Finally, we download the data and load it. As with the other examples, time is the leading dimension. To decrease the memory usage we store our intermediate data in zarr arrays, which behave just like a numpy array, but the data is compressed and saved in the disk.

[5]:
!wget http://public.czbiohub.org/royerlab/ultrack/multi-color-cytoplasm.tif
--2024-05-31 08:53:34--  http://public.czbiohub.org/royerlab/ultrack/multi-color-cytoplast.tif
Resolving public.czbiohub.org (public.czbiohub.org)... 10.79.124.99
Connecting to public.czbiohub.org (public.czbiohub.org)|10.79.124.99|:80... connected.
HTTP request sent, awaiting response... 200 OK
Length: 2488361461 (2.3G) [image/tiff]
Saving to: ‘multi-color-cytoplast.tif.1’

multi-color-cytopla 100%[===================>]   2.32G  72.3MB/s    in 33s

2024-05-31 08:54:07 (72.2 MB/s) - ‘multi-color-cytoplast.tif.1’ saved [2488361461/2488361461]

[6]:
# image path, change this
# (T, Y, X, C) data, where T=time, Y, X =s patial coordinates and C=channels
img_path = Path("multi-color-cytoplasm.tif")

# optional, useful for a quick look
# for all frames `n_frames = None`
n_frames = None

imgs = imread(img_path)
chunks = (1, *imgs.shape[1:-1], 1) # chunk size used to compress data

if n_frames is not None:
    imgs = imgs[:n_frames]

if not COLAB:
    viewer = napari.Viewer()
    viewer.window.resize(1800, 1000)
    layers = viewer.add_image(imgs, channel_axis=3, name="raw")
    display(nbscreenshot(viewer))
    for l in layers:
        l.visible = False

print(f"Image size (T, Y, X, C) = {imgs.shape}")
Image size (T, Y, X, C) = (300, 1440, 1920, 3)

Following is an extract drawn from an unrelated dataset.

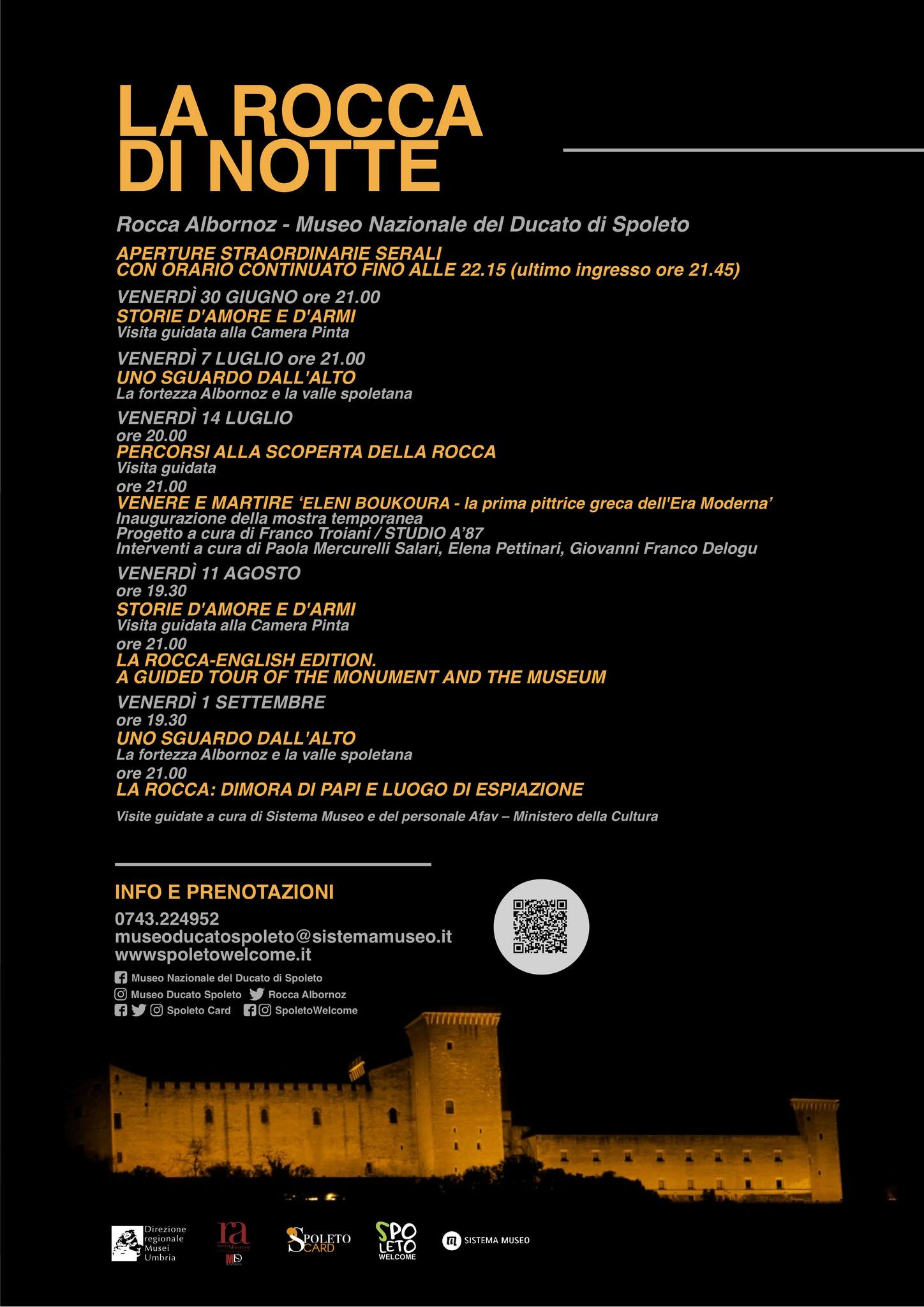 In occasione delle aperture serali straordinarie della Rocca Albornoz-Museo Nazionale del Ducato di Spoleto, in programma venerdì 30 giugno, 7 e 14 luglio, 11 agosto e 1 settembre 2023, con orario continuato fino alle 22:15, la Direzione Regionale dei Musei dell'Umbria, in collaborazione con Sistema Museo, presenta un programma di eventi e visite guidate.

As seen above, the image contains a lot of background noise. So we use our remove_background helper function to remove it. Additionaly, we manually normalize the image to the range of 0 to 1 as required by Cellpose and take the square root of it (gamma=0.5), we do this to decrease the dynamic range, boosting a bit Cellpose’s performance.

[7]:
foreground = create_zarr(imgs.shape, imgs.dtype, "foreground.zarr", chunks=chunks, overwrite=True)
array_apply(
    imgs,
    out_array=foreground,
    func=remove_background,
    sigma=15.0,
    axis=(0, 3),
)

normalized = create_zarr(imgs.shape, np.float16, "normalized.zarr", chunks=chunks, overwrite=True)
array_apply(
    foreground,
    out_array=normalized,
    func=normalize,
    gamma=0.5,
    axis=(0, 3),
)

normalized = da.from_zarr(normalized, chunks=chunks)

if not COLAB:
    viewer.add_image(imgs, channel_axis=3, name="raw", visible=False)
    viewer.add_image(foreground, channel_axis=3, name="foreground", visible=False)
    viewer.add_image(normalized, channel_axis=3, name="normalized")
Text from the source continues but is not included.